Ziros leans into the counter and says, "If we find one item that's fake, guess how upset I'm going to be."

The manager gives up the safe and sure enough, there's nothing inside. Investigators do find two fake Burberry watches behind the counter, however.

"Oh yes," the manager says nonchalantly, eating a sandwich and eyeing the goods. "I bought these several years ago."

Norton is deflated. He had conducted four undercover counterfeit buys at this shop, this month. Chain pendants, mainly, with pirated Superman logos. But they're nowhere in sight this day.

"He must have sold them all," Norton says.

Down the hall, a hunched shoe salesman is wringing his wrists. A cop is stationed outside his storefront, and inside, one of Norton's undercover men is pawing Nikes stacked behind the counter.

When the counterfeit investigators search a store, the cop says, "It's like termites through wood." They eat through piles of product and leave the shelves bare but honest.

The officer explains six times to the protesting store owner that the shoes are fake. The serial number in every shoe is identical. The store owner doesn't get it.

"The fakes, I don't care," he says. "But these are real Nike. Real Nike."

The shoes are shoved into blue evidence bags, labeled with neon green seizure stickers.

"You can be convinced all you want," Ziros says, watching the bags get tagged for transport to an evidence locker.

The shop owner frets and mills, making phone calls and producing scraps of paper from shoe distributors in Los Angeles, as if they were evidence of his innocence.

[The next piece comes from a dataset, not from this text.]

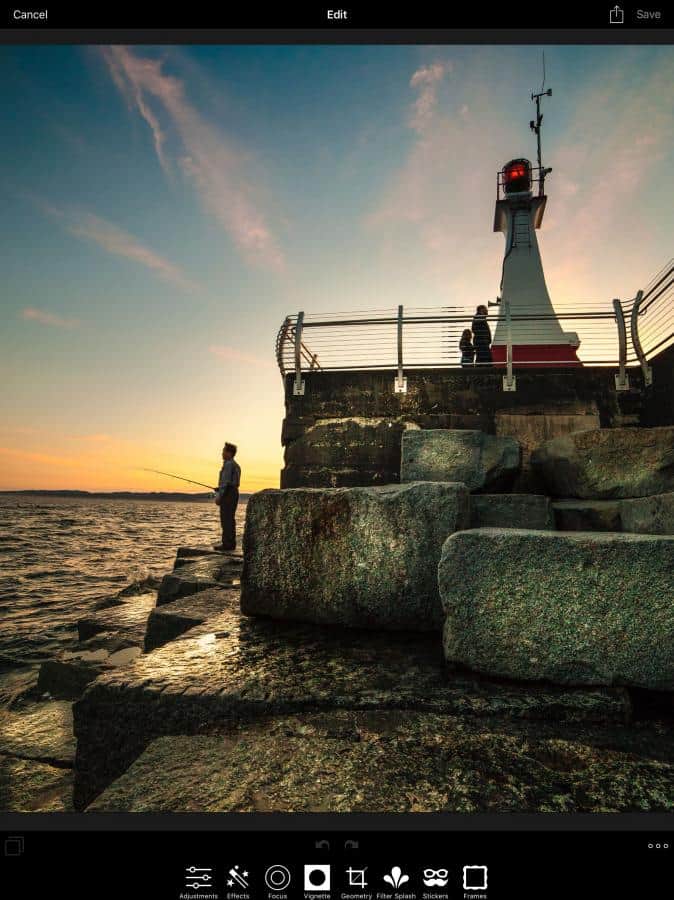 Встроенный редактор имеет отличный набор функций, включающий изменение цветовой температуры, контраста, насыщенности. Предусмотрена также обрезка и выравнивание горизонта.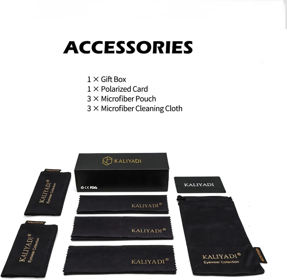 Store New Arrivals Add to Favorite View Feedback Contact KALIYADI Classic Aviator Sunglasses for Men Women Driving Sun Glasses Polarized Description Department unisex-adult Color F (3 Pack) Black/Blackish Green/Brown Lens Width 58 Millimeters Product Description 1 Polarized Lens 2 Soft Nose Pads 3 Solid Hinge KALIYADI HD Polarized Lens Choices Light Transmission(Category 3) Solid Grey 16.29%, Solid Brown 14.49%, Solid Blackish Green 15.37% Light Transmission(Category 3) Blue 8.12%, Pink 12.88%, Red 13.79%, Green 9.82%, Purple 11.95%, Silver 11.56% Light Transmission(Category 3) Gradient Grey 17.2%, Gradient G15 15.9%, Gradient Brown 15.2%, Gradient Wine 13.4% Lens Technology (UV 400) Coated with 14-layers of REVO films Lens Technology (UV 400) Coated with 14-layers of REVO films + Reflective coating Lens Technology (UV 400) Coated with 14-layers of REVO films + Gradient dyeing Suitable Occasion (Polarized) Travel,Driving,Fishing,Party,Shopping, etc. Suitable Occasion (Polarized) Travel,Driving,Fishing,Party,Shopping Suitable Occasion (Polarized) Driving, Travel Out door sports Out door sports Out door sports Work in the condition of strong and bright light 1 Ready For Golf 2 Ready For Hiking 3 Ready For Fshing 4 Ready For Driving 5 Ready For Ball More Styles form KALIYADI Add to Cart Add to Cart Add to Cart Add to Cart Customer Reviews 4.4 out of 5 stars 14,342 4.3 out of 5 stars 1,251 4.5 out of 5 stars 5,853 4.5 out of 5 stars 1,323 4.6 out of 5 stars 1,806 4.6 out of 5 stars 1,179 Price $19.99 $ 19 . 99 $15.99 $ 15 . 99 $15.99 $ 15 . 99 $15.99 $ 15 . 99 $16.99 $ 16 . 99 $15.99 $ 15 . 99 Lens Colors Black/Brown/G15 Black/Black Black/Black Black/Black/Black Black/Black/Black Dark Blue/Green/Orange Economic Pack $6.66/Pair 7.99/Pair $7.99/Pair $6.66/Pair $6.33/Pair $6.66/Pair Material(Frame/Lens) Metal/Polycarbonate Metal/Polycarbonate Metal/Polycarbonate Composite/Polycarbonate Composite/Polycarbonate Composite/Polycarbonate Lens Width 58mm/2.28in 46mm/1.81in 45mm/1.77in 58mm/2.28in 48mm/1.89in 43mm/1.69in Frame Width 140mm/5.51in 132mm/5.2in 128mm/5.04in 140mm/5.51in 137mm/5.39in 139mm/5.47in UV400 Protection ✔ ✔ ✔ ✔ ✔ ✔ Polarized Lens ✔ ✔ ✔ ✔ ✔ ✔ Combo Pack ✔ ✔ ✔ ✔ ✔ ✔ ABOUT US We offer the best prices around on high quality products. Our E-store includes media such as books, movies, music and games while offering electronics, toys, sporting apparel, clothing, tools, general home, garden items and more. SHIPPING We are always working hard to ensure your package arrives as soon as possible. Please understand that some factors like weather, high postal traffic, and the performance of shipping companies are outside of our control. We offer free shipping to the lower 48 states and ship within 2 business days of payment, usually sooner. We do not accept P.O. Boxes. Please provide a physical address. RETURNS We offer a 30-Day Return Policy on items which you are not completely satisfied with. You have the option for a full-refund or an exchange of the item. No returns are available on items shipped outside of the USA. PAYMENT We accept PayPal. CONTACT US This page content is yet to come Please ad us to your favorite seller and visit again later Thank You CUSTOMER SATISFACTION We try our very best to make sure every customer is completely satisfied. If there's a problem, message us! We're happy to help.

Peering into a closed shop, the police see a rack of fake Louis Vuitton bags and hats. The real stuff isn't sold out of a swap meet stall. To enter the store without the owner in sight, they draft a search warrant on the spot, call a judge for approval, and get a pair of bolt cutters. Inside, they seize a wealth of fake designer purses and other items, including $68,000 in sunglasses, their shoddy construction a clear sign they are counterfeit.

The owner will find out when he's arrested.

And so the day goes.

One by one, vendors bend. They give up their stores while other merchants, not targeted in the raid, watch with bewilderment.

A salesman, nailed, wanders the swap meet, strangling a set of worry beads, waiting for investigators to finish collecting his counterfeit earrings, cut to resemble Michael Jordan's trademarked dunk.

The police fill a U-Haul truck with fake purses, clothes, shoes, sunglasses, jewelry.

The swap meet's uniformed security guard - done swearing that the swap meet is squeaky clean - hangs back quietly. Ziros, pacing the swap meet floor, stops, then leans over his shoulder to school the guard: "We didn't just come here to look."